╭─ Input for this task

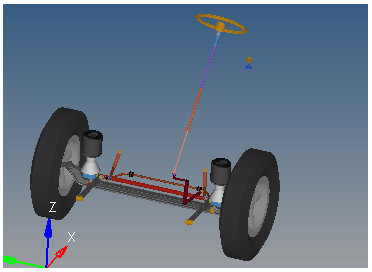 Front solid axle suspension has a suspension system for a vehicle frame consisting of a solid front axle, to the ends of which the steerable front wheels are mounted. Front suspension include parts like steering subsystems, springs, dampers, stabilizer bar, knuckles, tire rods, wheels, wheel hub and bumpers. The front solid axle suspension built through the Assembly Wizard is displayed in the MotionView window.
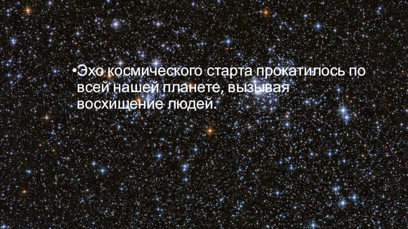 Слайд 17Эхо космического старта прокатилось по всей нашей планете, вызывая восхищение людей.
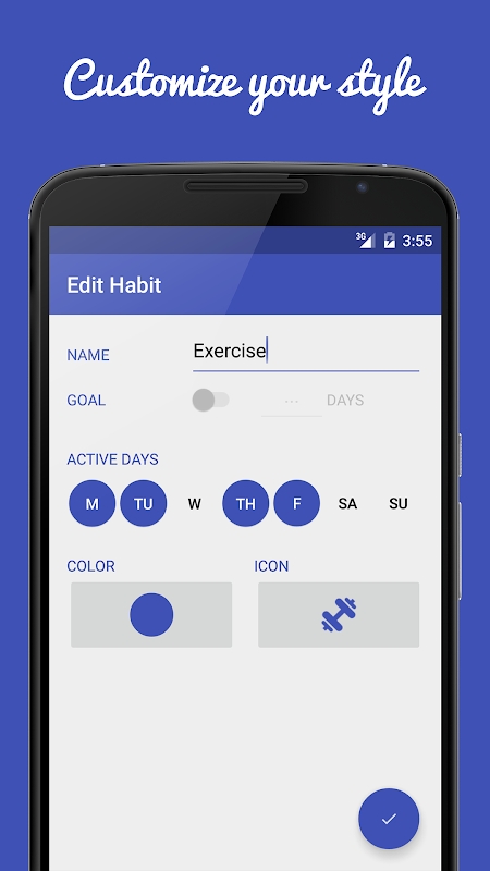 • Passen Sie Ihre Gewohnheiten und Ziele mit mehreren Optionen an und personalisieren Sie die App nach Ihren Wünschen
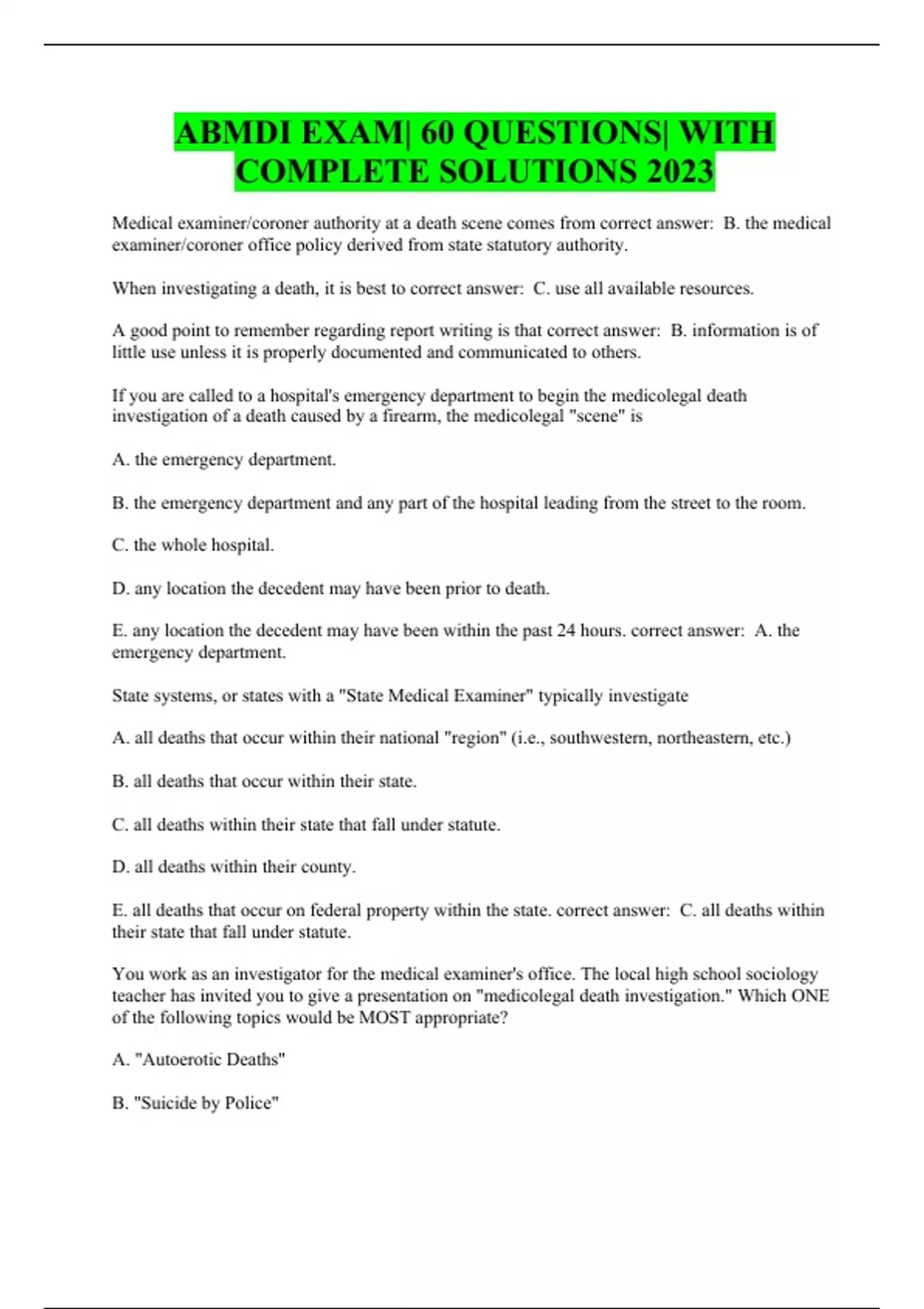 ABMDI EXAM 60 QUESTIONS WITH COMPLETE SOLUTIONS 2023
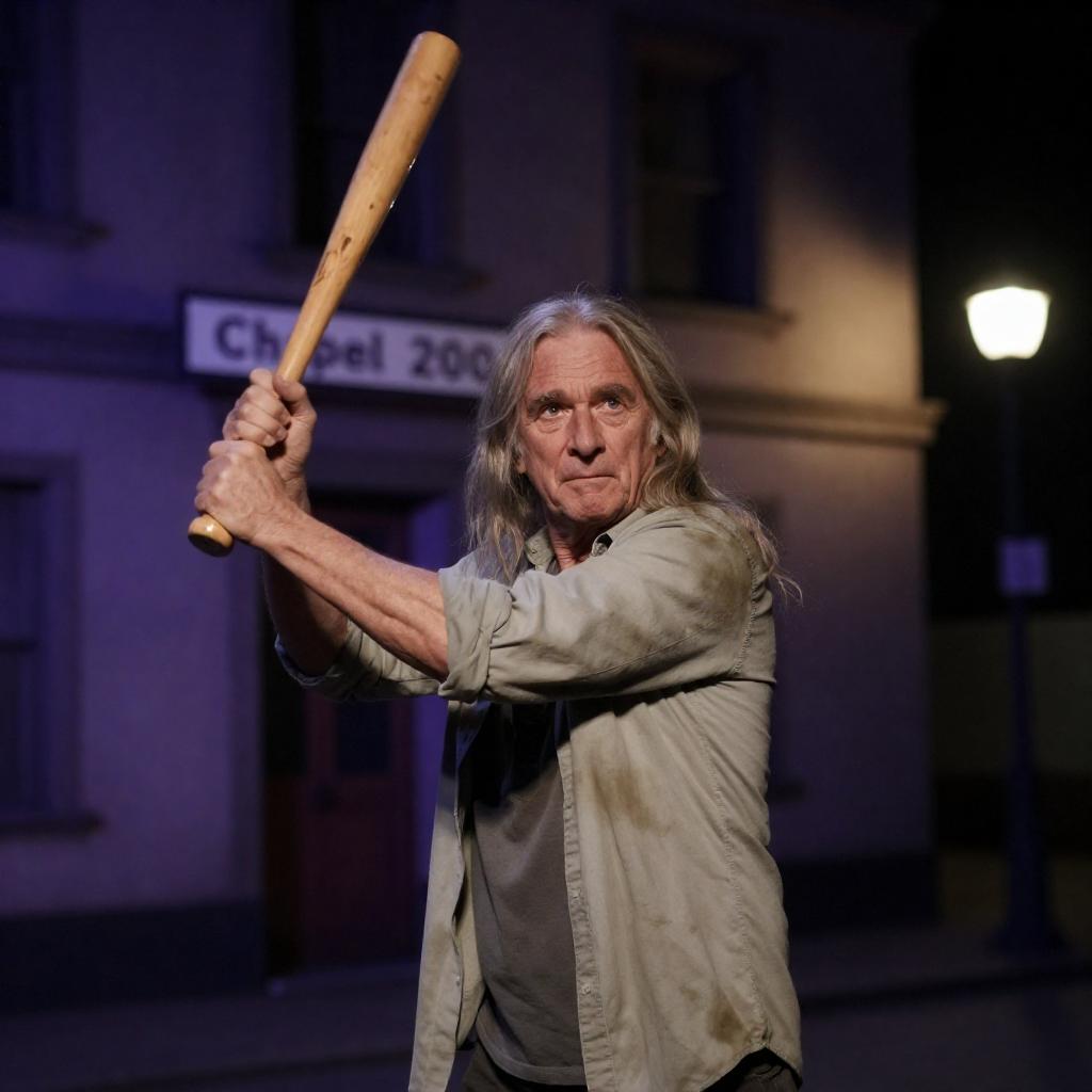 Photograph of an older man with long, disheveled hair, wearing a dirty, light-colored shirt, raising a wooden bat in a dramatic gesture. He stands in front of a dimly lit, purple-hued building with signs reading "Chapel" and "200". The scene is illuminated by streetlights, creating a tense, nighttime atmosphere.
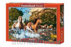 Puzzle Kapibara, składające się z 1000 elementów, przedstawiają zwierzątko na tle wodospadu. Po ich ułożeniu powstanie obrazek w rozmiarach 683x480 mm.
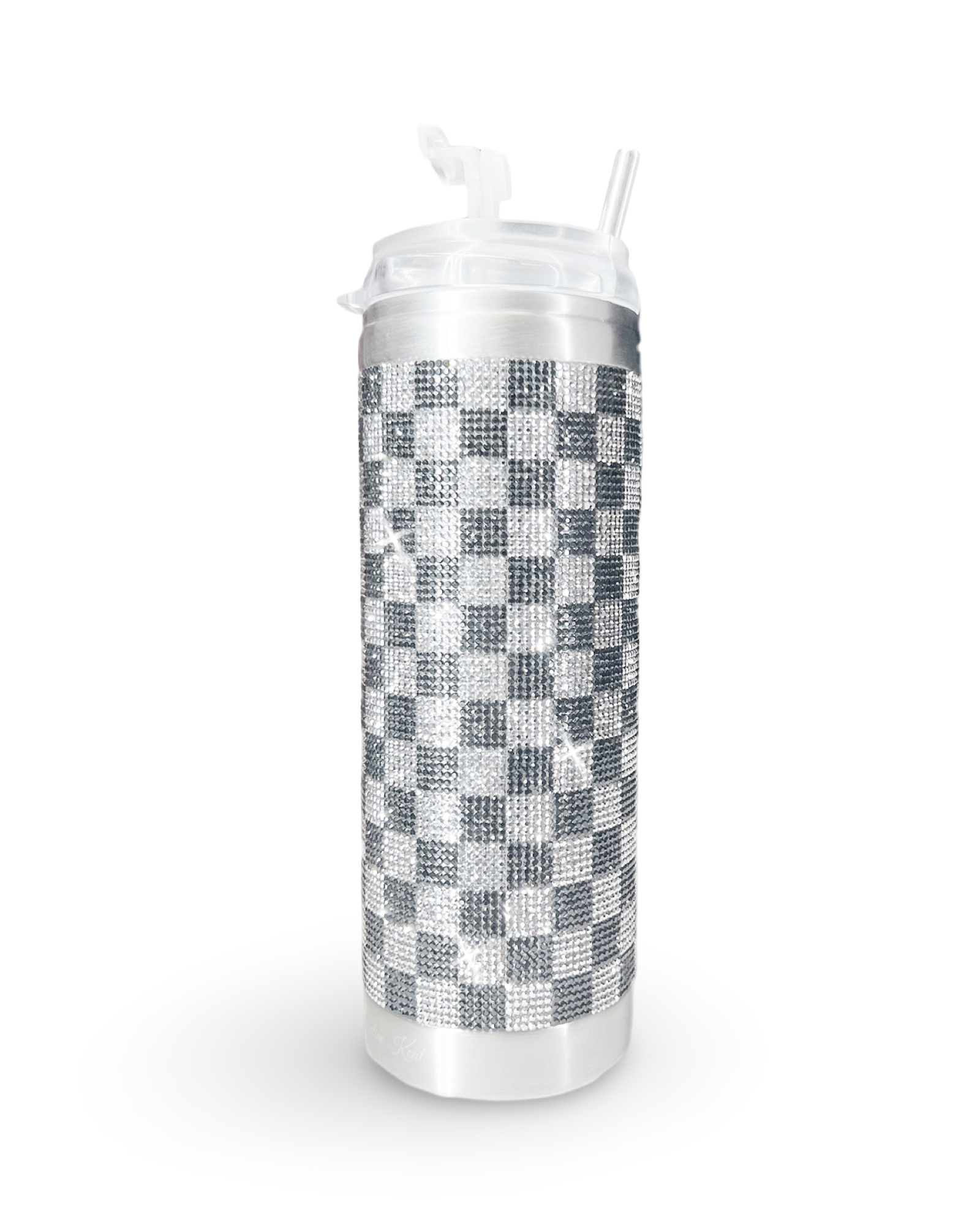 Crystal-Embellished 20oz Stainless Steel Tumbler – Light Grey Check
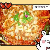 做法图解10:10.炒至火锅底料融化,加适量的开水然后把青瓜条豆芽放进去煮,煮开之后下鱼片,鱼片薄的话很容易熟,汤沸腾的时候就可以倒鱼片了,倒进去记得迅速摊开,不然有一些碎了,有一些还没熟

╰─

The copy should match the records above exactly, except that pictures are dropped.

» Written reply:
 Front solid axle suspension has a suspension system for a vehicle frame consisting of a solid front axle, to the ends of which the steerable front wheels are mounted. Front suspension include parts like steering subsystems, springs, dampers, stabilizer bar, knuckles, tire rods, wheels, wheel hub and bumpers. The front solid axle suspension built through the Assembly Wizard is displayed in the MotionView window.
 Слайд 17Эхо космического старта прокатилось по всей нашей планете, вызывая восхищение людей.
 • Passen Sie Ihre Gewohnheiten und Ziele mit mehreren Optionen an und personalisieren Sie die App nach Ihren Wünschen
 ABMDI EXAM 60 QUESTIONS WITH COMPLETE SOLUTIONS 2023
 Photograph of an older man with long, disheveled hair, wearing a dirty, light-colored shirt, raising a wooden bat in a dramatic gesture. He stands in front of a dimly lit, purple-hued building with signs reading "Chapel" and "200". The scene is illuminated by streetlights, creating a tense, nighttime atmosphere.
 Puzzle Kapibara, składające się z 1000 elementów, przedstawiają zwierzątko na tle wodospadu. Po ich ułożeniu powstanie obrazek w rozmiarach 683x480 mm.
 Crystal-Embellished 20oz Stainless Steel Tumbler – Light Grey Check
 做法图解10:10.炒至火锅底料融化,加适量的开水然后把青瓜条豆芽放进去煮,煮开之后下鱼片,鱼片薄的话很容易熟,汤沸腾的时候就可以倒鱼片了,倒进去记得迅速摊开,不然有一些碎了,有一些还没熟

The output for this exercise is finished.